Having a substantial list of child-safe snacks is helpful when you go to the grocery store. It can be a bit daunting to sort through the choices, especially when pressed for time. Depending on age-appropriateness, here are our favorite kid-friendly options to keep on hand:

  1. Coconut milk yogurt is a great source of protein, calcium, and the beneficial bacteria that are needed for good gut health, and healthy teeth.
  2. Fresh apple slices with a packet of Justin’s nut butter is so yummy and convenient.
  3. Dehydrated mango slices with a small bunch of organic grapes or peeled Clementine wedges are refreshing and delicious.
  4. If not too hard to chew, a few pieces of a mild turkey, beef, or buffalo jerky can keep blood sugar stable and mood upbeat.
  5. A hard-boiled egg is great for breakfast, but also goes into a lunch box well. The protein and choline help keep the brain alert!
  6. Celery with either almond butter or hummus, with raisins, is a great balance of protein, carbohydrates, and fats in a snack.
  7. Make your own deli turkey roll-ups with a sliced cheese and/or a thinly sliced pickle.
Guacamole spread on gluten-free crackers is a satisfying afternoon snack!

Supplements To Assist Your Child’s Diet:

Children can take supplements to support their digestion and gut health. This helps because after all, we know diet is not always perfect. The following three supplements we highly recommend for any family with small children…

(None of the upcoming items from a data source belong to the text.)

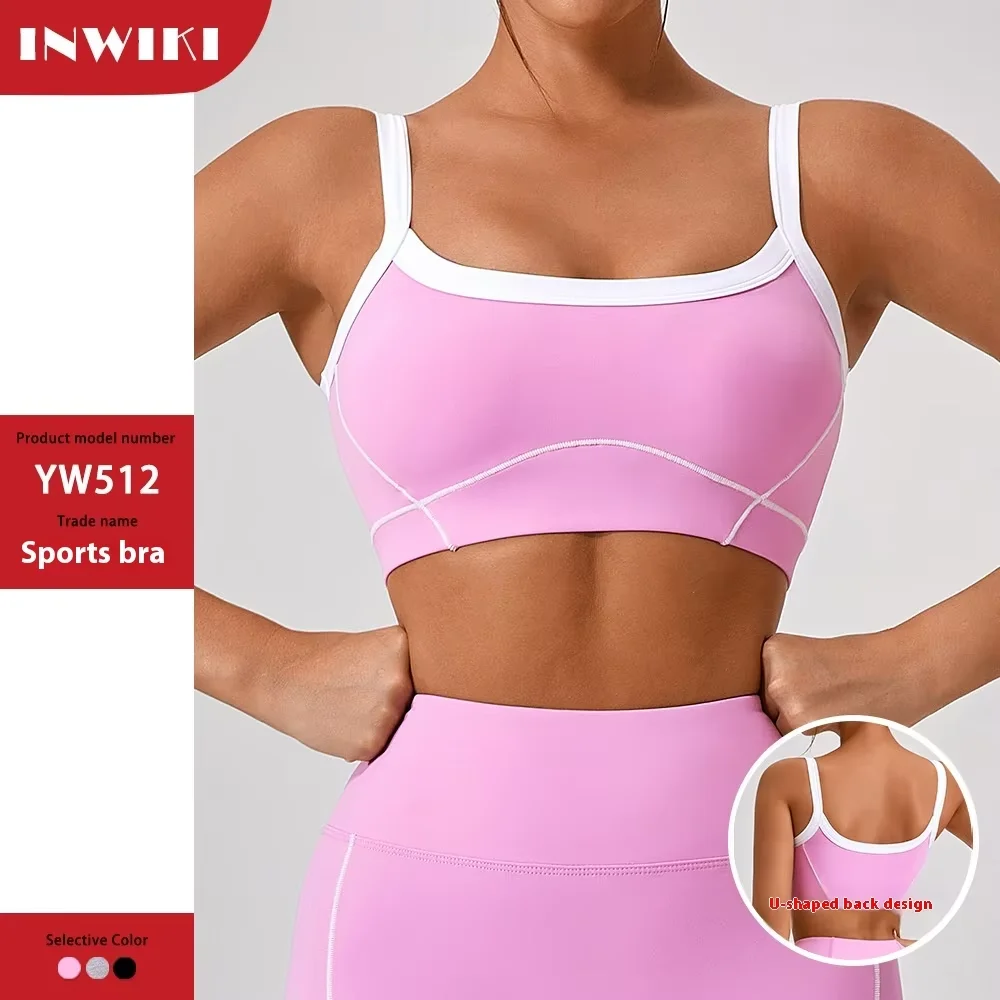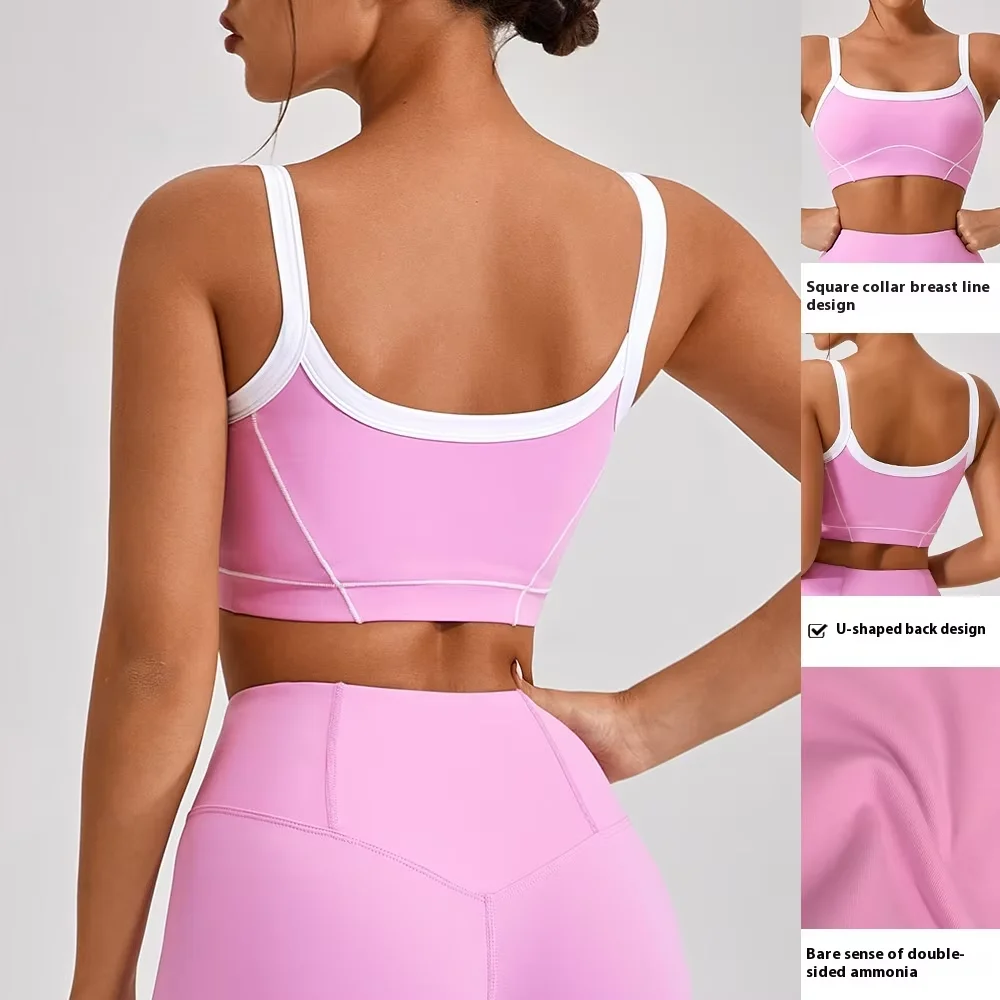 Women's Sports Bra Fashion with White Edge Trim, Naked Feel High-Strength Support Thin Strap Design for Outdoor Yoga Running Bra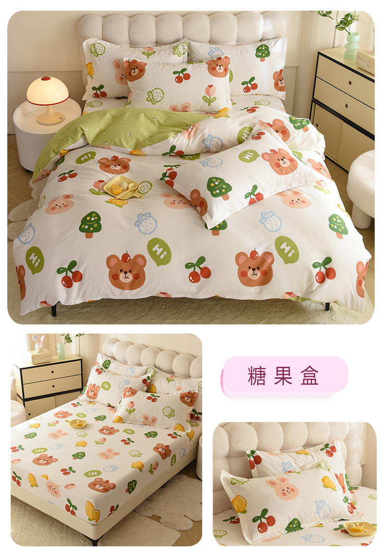 八十八家纺 2025新款全棉12868系列单品床笠甜梦小熊,甜梦小熊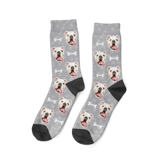 Ein Knochen für Hundesocken mit individuellem Hundegesicht
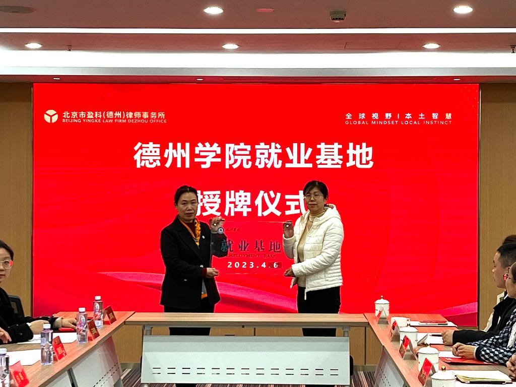 为广泛开拓2023届毕业生就业渠道和就业岗位,全力促进毕业生就业工作,4月6日下午,法学院一行9人赴盈科(德州)律师事务所参加“德赢ac米兰官方合作实习实训基地”、“德赢ac米兰官方合作就业基地”签约揭牌仪式。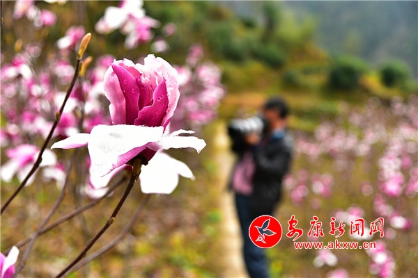 近日,平利縣廣佛鎮(zhèn)八角廟村5000畝辛夷花絢麗綻放,游客紛至沓來,觀賞拍照。(王韜/圖文)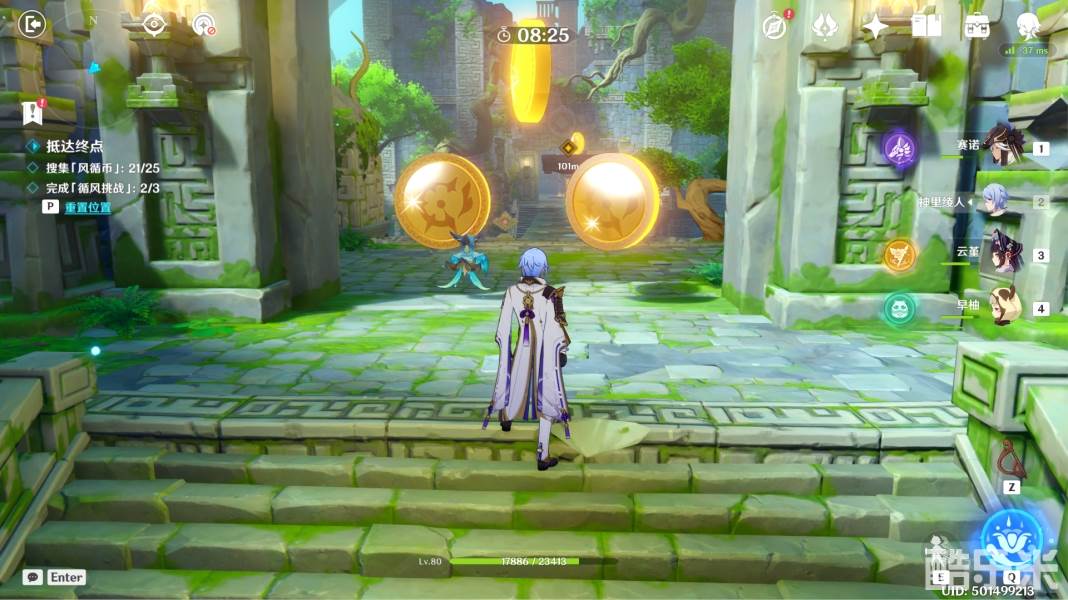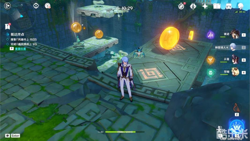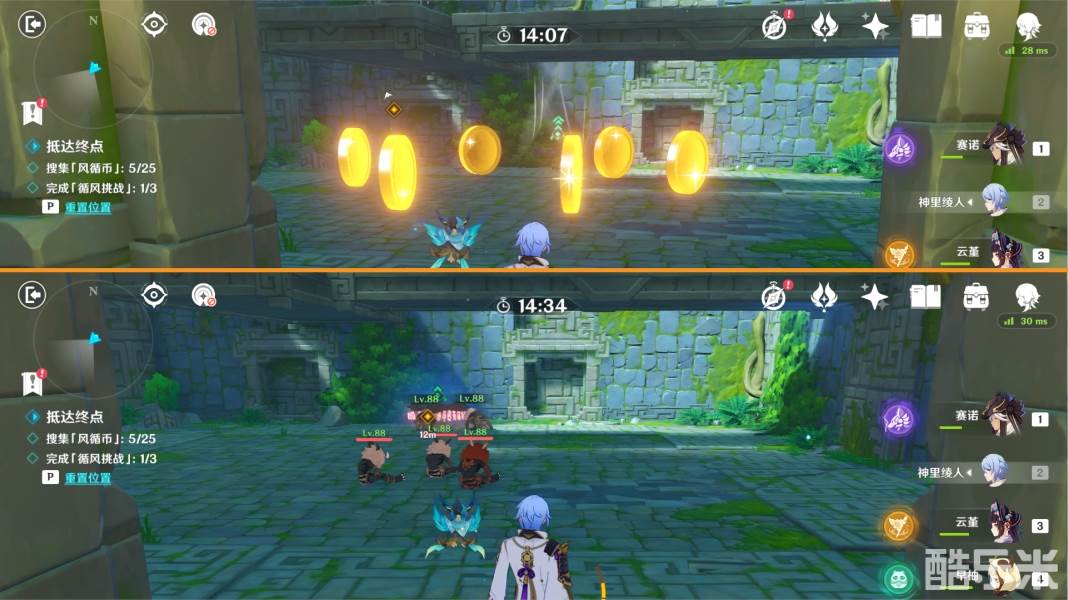 击败此处的丘丘人会出现六枚风寻币,如果不捡的话,最后无法完成第二个奖励条件。
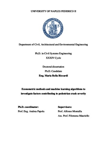 Rella Riccardi, Maria (2022) Econometric methods and machine learning algorithms to investigate factors contributing to pedestrian crash severity. [Tesi di dottorato]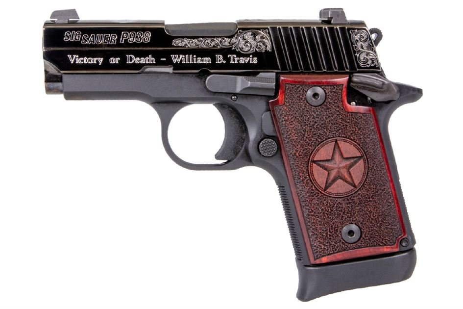 Sig Sauer’s 938 Engraved Texas edition features scrolled engraving on a polished Nitron slide with silver accents and custom Texas redwood grips emblazened with the Texas star. The top of the slide has an engraved Texas state seal, with “LONE STAR STATE” on one side, and “Victory or Death” William B. Travis on the other side.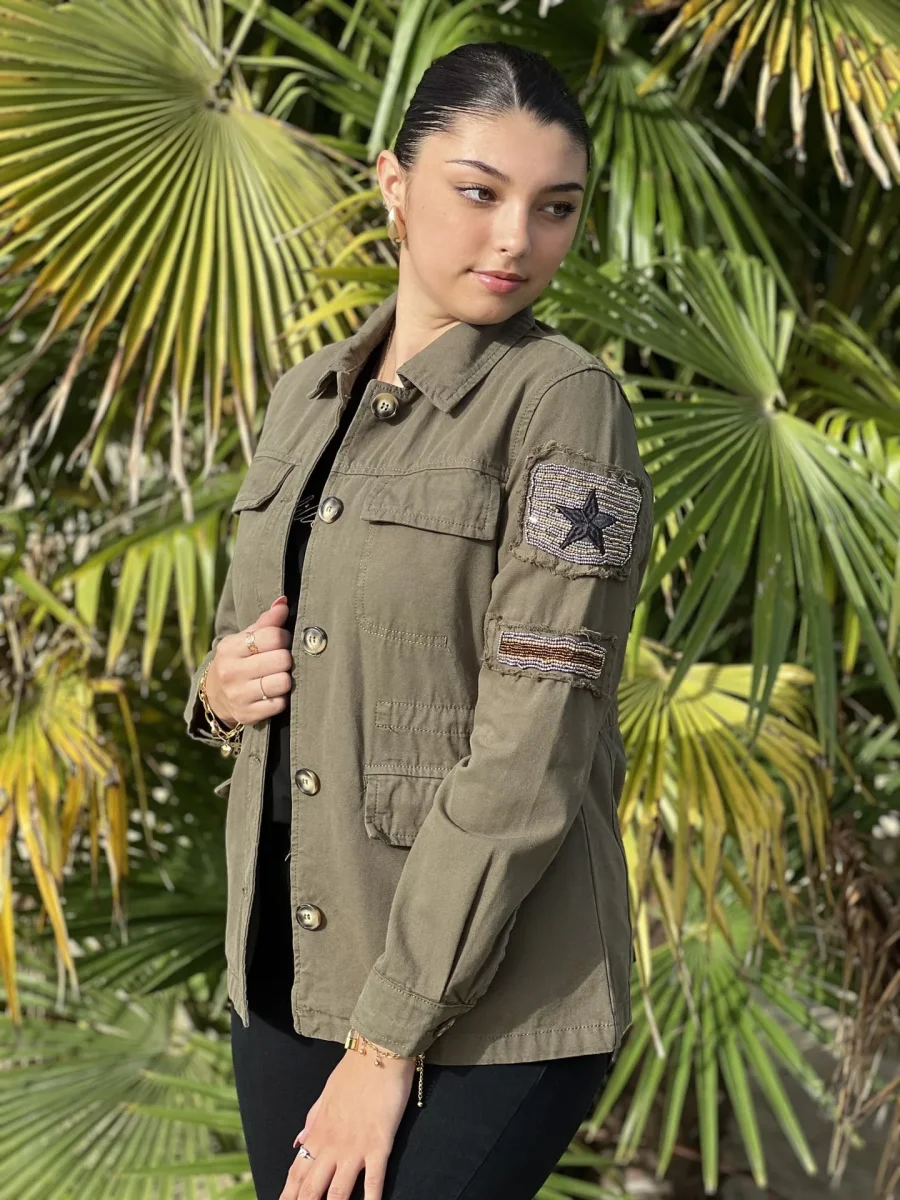 Blouson Boutonné Rivet Ami De Coeur en Nylon

  1. Betafood – The main ingredients in this product are beet leaves and beet root.  How many kids are eating beets on a regular basis?  None?  These are essential nutrients for anyone looking to improve how your body breaks down fats and oils.  If greasy foods upset your stomach or make you constipated, Betafood on a daily basis is a great addition to your routine!
  2. Lactic Acid Yeast – This product contains a lactic acid-loving beneficial yeast, to lower the pH in the gastrointestinal tract. A high carb and sugar diet can throw off the pH of your gut, causing gas and bloating.  If your child craves lots of carbs but winds up toot-tooting all night, Lactic Acid Yeast could help!
  3. Prosynbiotic is a synergistic blend of four probiotic strains and two prebiotic fibers to support gut flora and overall intestinal health. Kids love it because the powder tastes sweet dropped right on the tongue.  Prosynbiotic can go a long way to supporting kids’ digestive health, especially when they’re so happy to take it!
We hope this gives you some new ideas and motivation for packing a healthy lunch box!